Institute of Materials, Ecole Polytechnique Fédérale de Lausanne (EPFL), Lausanne 1015, Switzerland.
Bioengineering Institute, Ecole Polytechnique Fédérale de Lausanne (EPFL), Lausanne 1015, Switzerland.
J Phys Chem Lett. 2024 Jul 18;15(28):7154-7160. doi: 10.1021/acs.jpclett.4c01175. Epub 2024 Jul 5.
Protein-protein interactions (PPIs) differ when measured in test tubes and cells due to the complexity of the intracellular environment. Free amino acids (AAs) and their derivatives constitute a significant fraction of the intracellular volume and mass. Recently, we have found that AAs have a generic property of rendering protein dispersions more stable by reducing the net attractive part of PPIs. Here, we study the effects on PPIs of different AA derivatives, AA mixtures, and short peptides. We find that all the tested AA derivatives modulate PPIs in solution as effectively as AAs. Furthermore, we show that the modulation effect is additive when AAs form mixtures or are bound into short peptides. Therefore, this study demonstrates the additive effects of a class of small molecules (i.e., AAs and their biological derivatives) on PPIs and provides insights into rationally designing biocompatible molecules for stabilizing protein interactions and consequently tuning protein functions.

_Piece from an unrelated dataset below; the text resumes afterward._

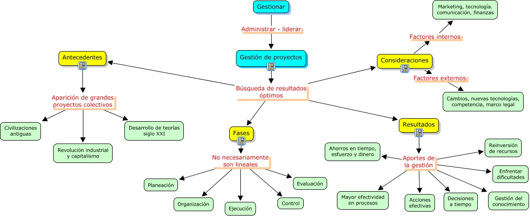 Este Cmap, tiene información relacionada con: gestión de proyectos, Resultados Aportes de la gestión Mayor efectividad en procesos, Resultados Aportes de la gestión Acciones efectivas, Resultados Aportes de la gestión Ahorros en tiempo, esfuerzo y dinero, Fases No necesariamente son lineales Ejecución, Gestionar Administrar - liderar Gestión de proyectos, Fases No necesariamente son lineales Organización, Resultados Aportes de la gestión Reinversión de recursos, Consideraciones Factores externos Cambios, nuevas tecnologías, competencia, marco legal, Fases No necesariamente son lineales Control, Resultados Aportes de la gestión Decisiones a tiempo, Gestión de proyectos Búsqueda de resultados óptimos Antecedentes, Consideraciones Factores internos Marketing, tecnología. comunicación, finanzas, Antecedentes Aparición de grandes proyectos colectivos Desarrollo de teorías siglo XXI, Antecedentes Aparición de grandes proyectos colectivos Civilizaciones antiguas, Fases No necesariamente son lineales Evaluación, Resultados Aportes de la gestión Gestión del conocimiento, Fases No necesariamente son lineales Planeación, Gestión de proyectos Búsqueda de resultados óptimos Resultados, Antecedentes Aparición de grandes proyectos colectivos Revolución industrial y capitalismo, Gestión de proyectos Búsqueda de resultados óptimos Fases

由于细胞内环境的复杂性,在试管和细胞中测量时,蛋白质-蛋白质相互作用(PPIs)会有所不同。游离氨基酸(AAs)及其衍生物构成了细胞内体积和质量的重要部分。最近,我们发现 AAs 具有通过减少 PPIs 的净吸引力部分使蛋白质分散体更稳定的通用性质。在这里,我们研究了不同 AA 衍生物、AA 混合物和短肽对 PPIs 的影响。我们发现所有测试的 AA 衍生物在溶液中都能像 AAs 一样有效地调节 PPIs。此外,我们还表明,当 AAs 形成混合物或结合成短肽时,调节作用是累加的。因此,这项研究证明了一类小分子(即 AAs 和它们的生物衍生物)对 PPIs 的累加效应,并为合理设计稳定蛋白质相互作用的生物相容性分子以及调节蛋白质功能提供了思路。